Take the listing from its first line through the line that contains "(b) Draw a ray" and please retype those lines exactly, leaving out the pictures.

Recorded data.
# # # #

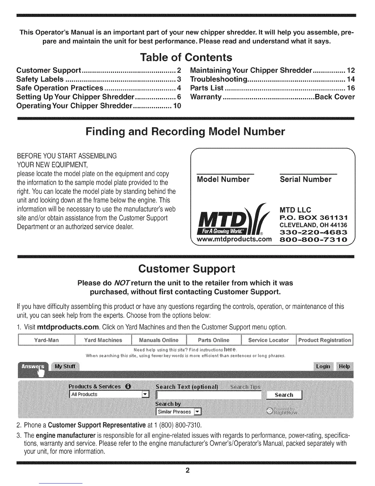 1. Visit mtdproducts.com. Click on Yard Machinesand then the CustomerSupport menu option.
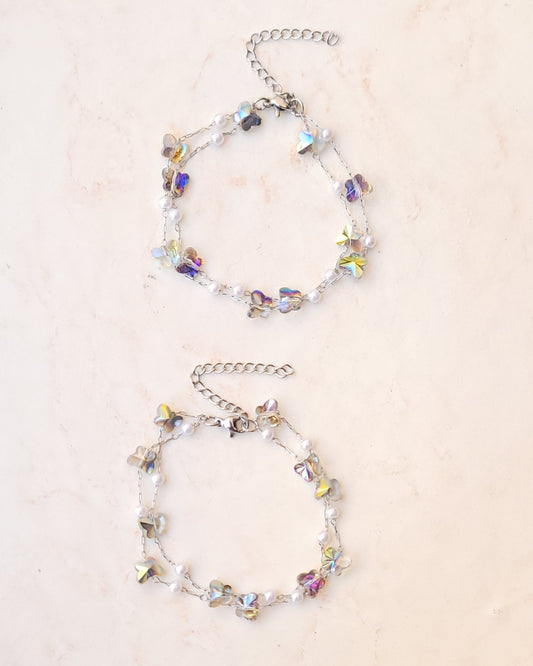 Two Layers Silver Plated Crystal Stone Bracelet
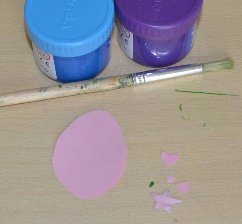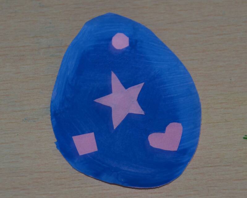 Stap3: Nu schilder je opnieuw heel het ei. Schilder ook over de stikkers of papiertjes.
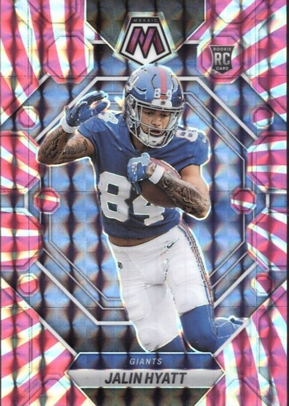 This card is 1 of 94 Jalin Hyatt's card variations in the 2023 Mosaic set being tracked by Sports Card Investor, including Base, NFL Debut, Choice Red & Green, Green, and Mosaic.
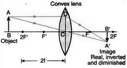 (b) Draw a ray diagram to show the formation of a real diminished image of an object by a convex lens. In your diagram, the position of object and image with respect to the principal focus should be shown clearly.
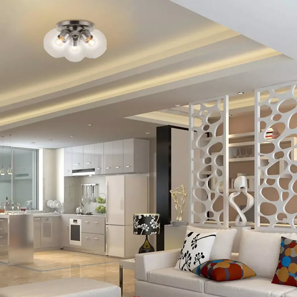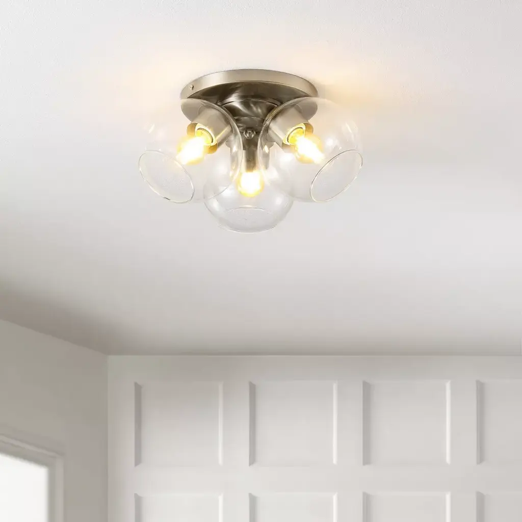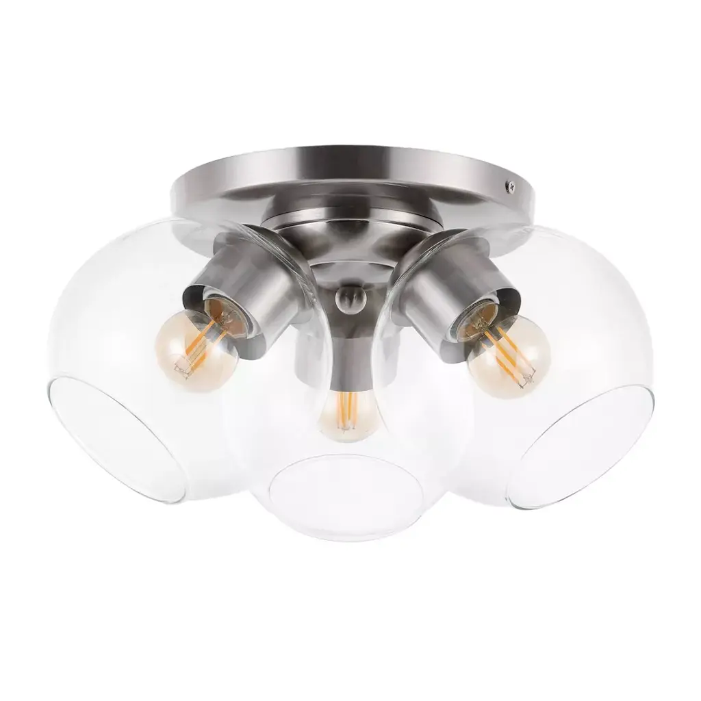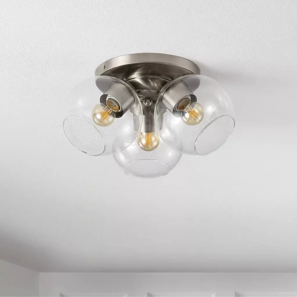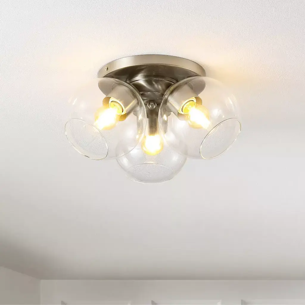 Our minimalist ceiling light has clear globes and a sleek nickel finish for a fresh, modern farmhouse perspective. Hanging at only 7" down, this modern light fixture is perfect for low ceilings. Three Edison bulbs create soft, warm lighting, while the clear glass globes add a mid-century touch. Eco-friendly 4W LED bulb included. Takes 3 bulbs and compatible with TYPE "A" 40W or CFL 13W or LED 9W. Color Temperature: 2700K. CRI: 80. Before cleaning any lamp shade or fixture, disconnect the power source. Wipe with a soft, dry cloth. Avoid the use of chemicals and household cleaners as they may damage the finish.
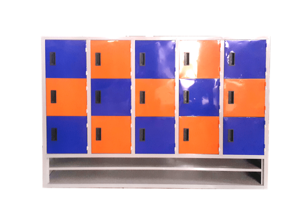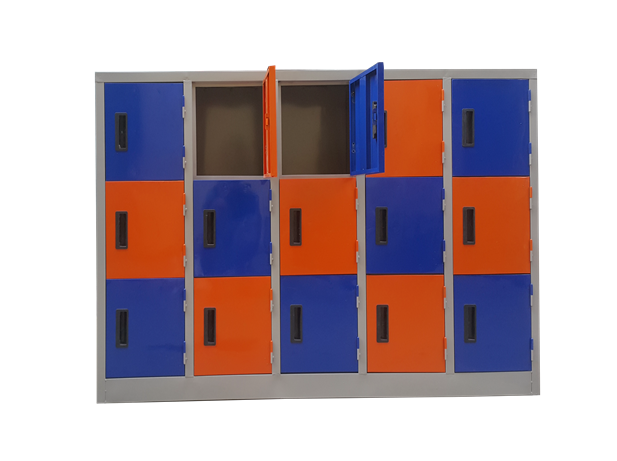 Tủ đựng đồ 15 ngăn có giá để dép, được chia làm 15 ô riêng biệt, mỗi ngăn có tay nắm âm để mở tiện lợi, bên dưới có 2 tầng để giày dép. Cánh tủ có chốt tự động giữ cánh ko bị tự mở khi thả tay. Tủ thường được dùng nhiều cho các trường mầm non, các nơi hay để đồ cá nhân. Thân tủ màu ghi, cánh màu xanh và cam hoặc sơn màu theo yêu cầu của khách hàng.
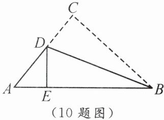 10. 如图,在三角形纸片$ABC$中,$AB = 9\ cm$,$BC = 7\ cm$,$AC = 6\ cm$,沿过点$B$的直线折叠这张三角形纸片使顶点$C$落在边$AB$上的点$E$处,折痕为$BD$,则$\triangle AED$的周长为
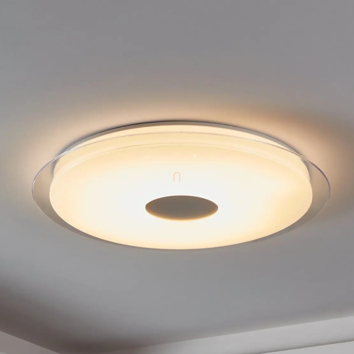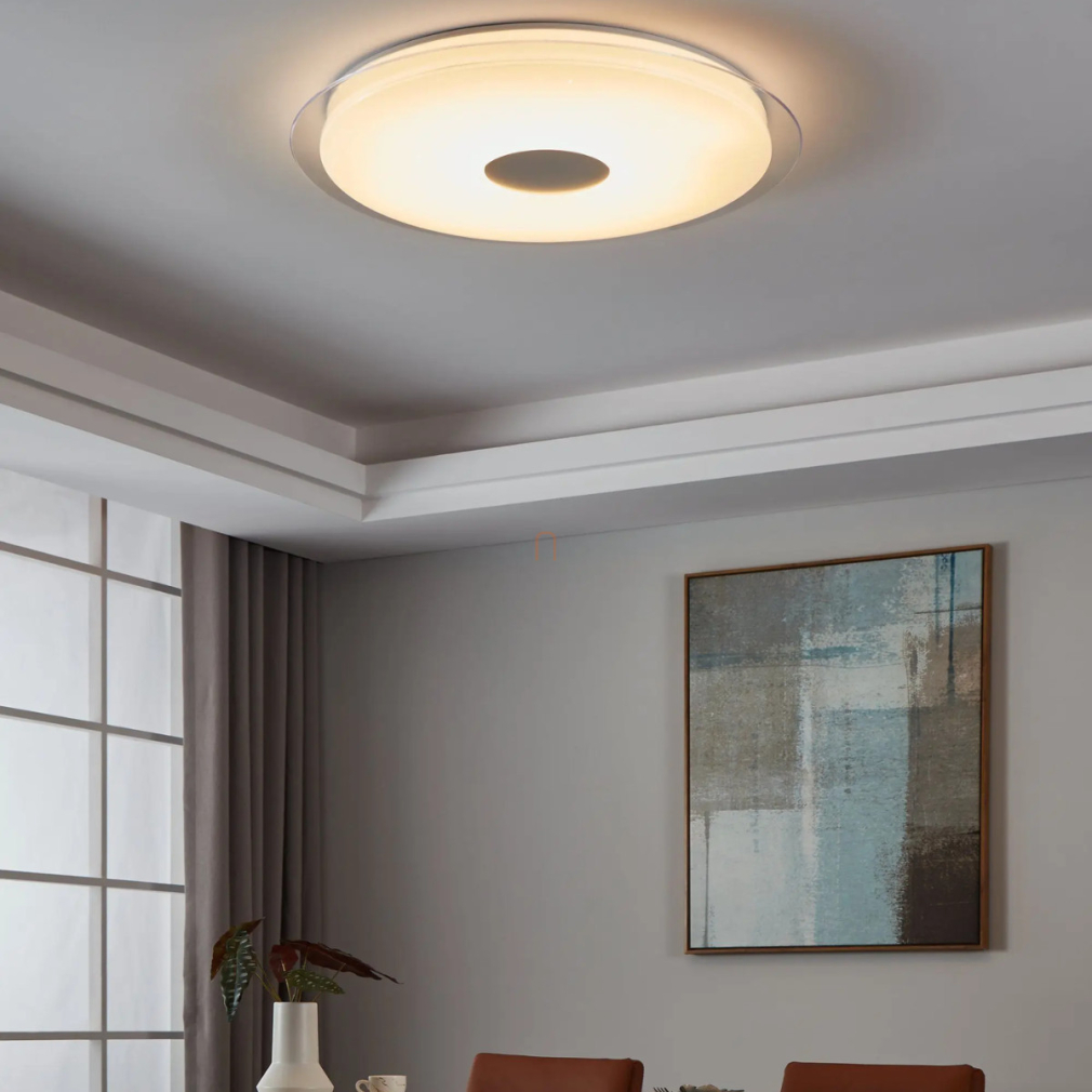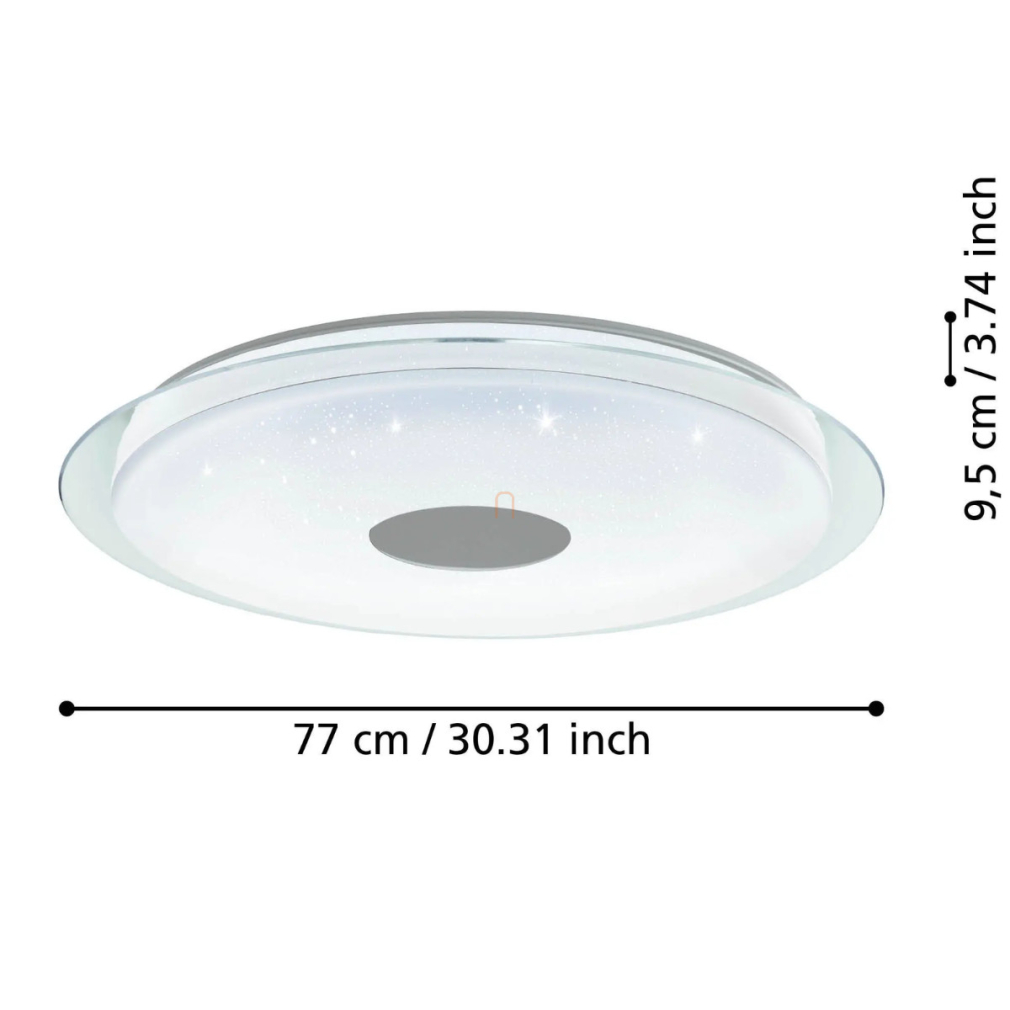 A Lanciano Eglo 900006 csillám hatású, szabályozható mennyezeti LED lámpa modern technológiával készült, amely 38,1 W teljesítményű LED modult tartalmaz, 5350 lumen fényárammal. A lámpatest átmérője 770 mm, magassága 95 mm, így nagyobb helyiségek megvilágítására is alkalmas. A fény színhőmérséklete 2700 és 6500 Kelvin között változtatható, így hideg és melegfehér fény között lehet választani, alkalmazkodva a különböző igényekhez. A fényerősség applikációval vagy külön megvásárolható távirányítóval szabályozható. A lámpa kivitele csillám hatású, anyaga acél és műanyag, színe fehér-króm. A LED modul beépített, nem cserélhető, IP20 védettséggel rendelkezik, így beltéri használatra alkalmas. A termék tömege 6,05 kg, csomagolási méretei 81x81x15 cm. A Lanciano Eglo 900006 mennyezeti lámpa a modern lakásvilágítás igényeire lett fejlesztve, és a gyártója az EGLO.
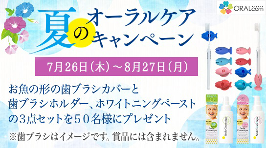 お魚の形の歯ブラシカバーと歯ブラシホルダーなどを抽選で50名様にプレゼントいたします。
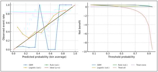 Calibration plots show the alignment between predicted and observed outcomes for Gradient Boosting, calibrated logistic regression, and the calibrated rule score, with the diagonal representing ideal calibration. Ten equally spaced reliability bins were used, and bin counts are displayed to visualize the distribution of predicted probabilities. The Expected Calibration Error (ECE < 0.02) and Maximum Calibration Error (MCE < 0.05) were computed using 2000× bootstrap resampling, confirming excellent probability calibration across all configurations. Decision curve analysis displays net benefit across threshold probabilities for the same models, compared to “treat-all” and “treat-none” reference strategies.
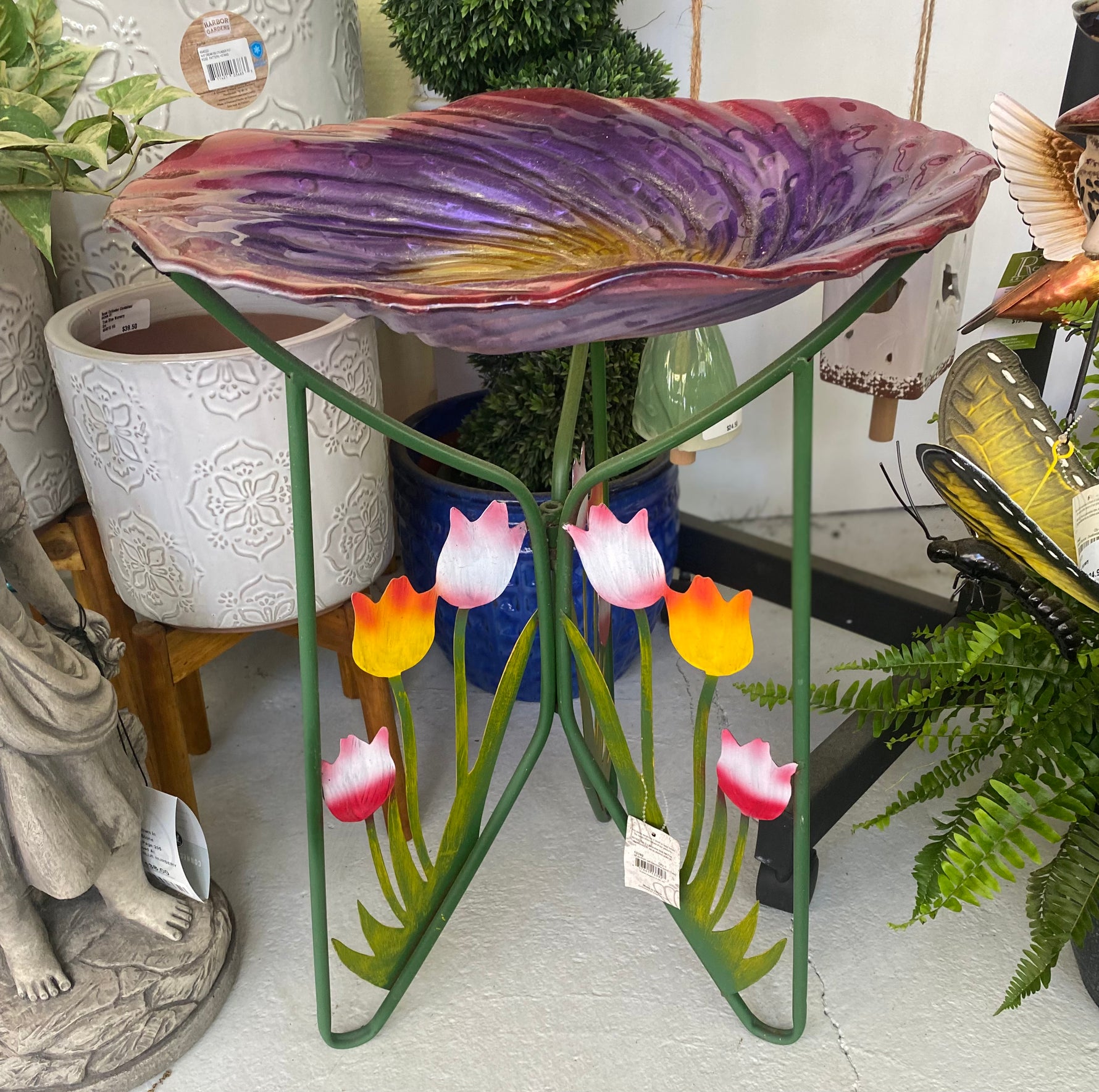 This vibrant 18" birdbath features a hand-painted glass bowl in rich purple and golden hues, mimicking the graceful curve of a flower petal. The colorful metal stand showcases blooming tulips, adding a whimsical pop of color and charm to any garden space. Handcrafted by talented artisans, this piece is both decorative and functional - perfect for attracting birds while brightening up your patio or landscape. Suitable for indoor or outdoor display.

# # # #

Result for this exercise.
 1. Visit mtdproducts.com. Click on Yard Machinesand then the CustomerSupport menu option.
 Two Layers Silver Plated Crystal Stone Bracelet
 Stap3: Nu schilder je opnieuw heel het ei. Schilder ook over de stikkers of papiertjes.
 This card is 1 of 94 Jalin Hyatt's card variations in the 2023 Mosaic set being tracked by Sports Card Investor, including Base, NFL Debut, Choice Red & Green, Green, and Mosaic.
 (b) Draw a ray diagram to show the formation of a real diminished image of an object by a convex lens. In your diagram, the position of object and image with respect to the principal focus should be shown clearly.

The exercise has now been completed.